● **Action item**:
Your task is to reproduce exactly the lines from the one containing "Termostato • Per" through the last line below, both ends included, and nothing else, with no pictures.

● **Supplied data**:
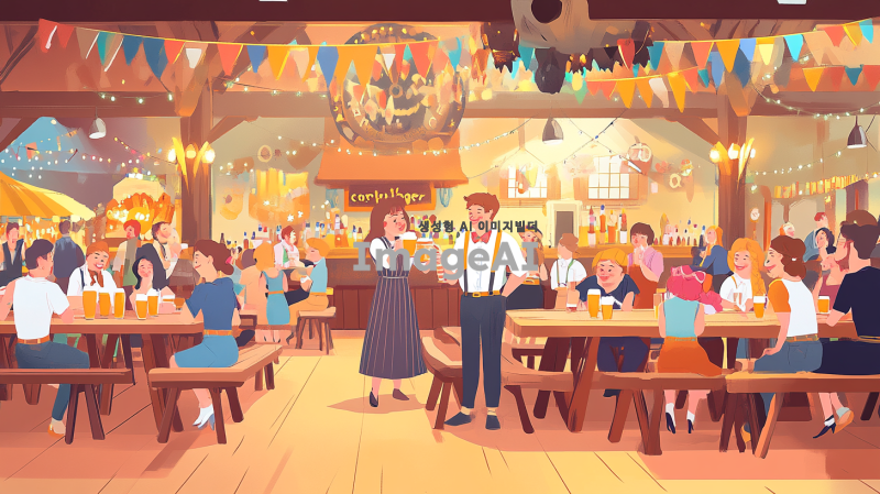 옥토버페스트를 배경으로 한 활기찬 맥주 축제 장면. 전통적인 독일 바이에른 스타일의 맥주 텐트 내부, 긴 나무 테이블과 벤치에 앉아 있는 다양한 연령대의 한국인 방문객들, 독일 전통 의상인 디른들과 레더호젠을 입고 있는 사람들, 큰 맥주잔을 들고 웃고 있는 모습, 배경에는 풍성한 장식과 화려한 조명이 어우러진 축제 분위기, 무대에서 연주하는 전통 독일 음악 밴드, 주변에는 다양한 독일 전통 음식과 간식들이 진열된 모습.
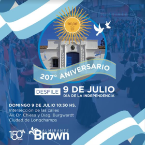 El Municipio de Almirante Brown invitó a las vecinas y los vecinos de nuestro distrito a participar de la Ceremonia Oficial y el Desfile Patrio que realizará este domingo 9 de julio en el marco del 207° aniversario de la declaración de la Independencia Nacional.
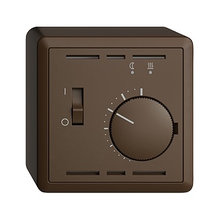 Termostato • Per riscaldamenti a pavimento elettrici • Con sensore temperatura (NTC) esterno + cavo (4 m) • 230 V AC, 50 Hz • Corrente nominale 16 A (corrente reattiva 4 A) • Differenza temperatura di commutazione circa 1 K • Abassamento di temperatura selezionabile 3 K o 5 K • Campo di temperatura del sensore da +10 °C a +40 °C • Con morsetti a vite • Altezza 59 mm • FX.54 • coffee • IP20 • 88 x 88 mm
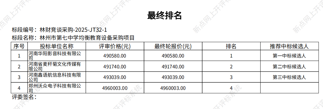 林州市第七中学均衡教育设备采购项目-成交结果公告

● **Task result**:
 Termostato • Per riscaldamenti a pavimento elettrici • Con sensore temperatura (NTC) esterno + cavo (4 m) • 230 V AC, 50 Hz • Corrente nominale 16 A (corrente reattiva 4 A) • Differenza temperatura di commutazione circa 1 K • Abassamento di temperatura selezionabile 3 K o 5 K • Campo di temperatura del sensore da +10 °C a +40 °C • Con morsetti a vite • Altezza 59 mm • FX.54 • coffee • IP20 • 88 x 88 mm
 林州市第七中学均衡教育设备采购项目-成交结果公告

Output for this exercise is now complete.